The Tortilla Curtain by T.C. Boyle

Two families, one white, one brown, one rich, one poor, live parallel lives in Topanga Canyon.

 The Mossbachers, Delaney and Kyra, live in a new exurban development in one of the rugged canyons northwest of Los Angeles. Desperately poor illegal immigrants Candido and America Rincon camp under a tree near the same development. The novel opens with a car accident, Candido bouncing off the hood of Delaney’s luxury vehicle. Things go downhill for Candido after that. Way downhill. But he still keeps a strong optimism in the idea of America (the country and his wife).

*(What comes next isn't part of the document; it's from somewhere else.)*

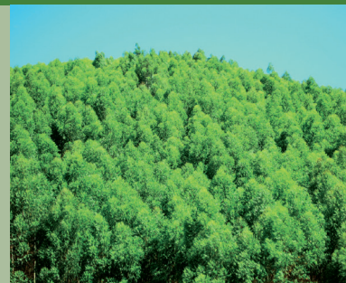
Renewable eucalyptus plantations grown in Brazil for the leading global producer of bleached eucalyptus pulp

Sources: Paper Task Force, 1995; Markets Initiative website ( www.marketsinitiative.org ) (5/09/07).
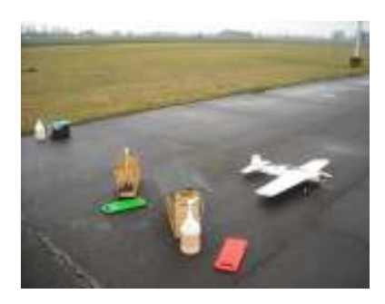
Lots of hanger space left.

This was a well crafted socially conscious book that I found dull. Possibly because all characters behaved completely as expected, clicking like the gears of a clock. Every single one of them had a placard around their neck. Delaney was an environmentally responsible chardonnay sipping type, Kyra was an ambitious real estate agent, Candido an optimistic immigrant, America was a beautiful earth mother (literally). I wanted to be surprised. I wanted the Mexicans to have some shading, and for the most part they were oppressed saints. However, I admire the ambition and the execution of the novel – many characters, well delineated from all classes of society. And very tactile descriptions of both the bad things that the Mexican family endures and the consumerist overload the white family experiences. The novel does confront a social question, but there wasn’t a lot of rage here. And I think rage is called for.

Also, I love flood scenes in books and this one had a great one.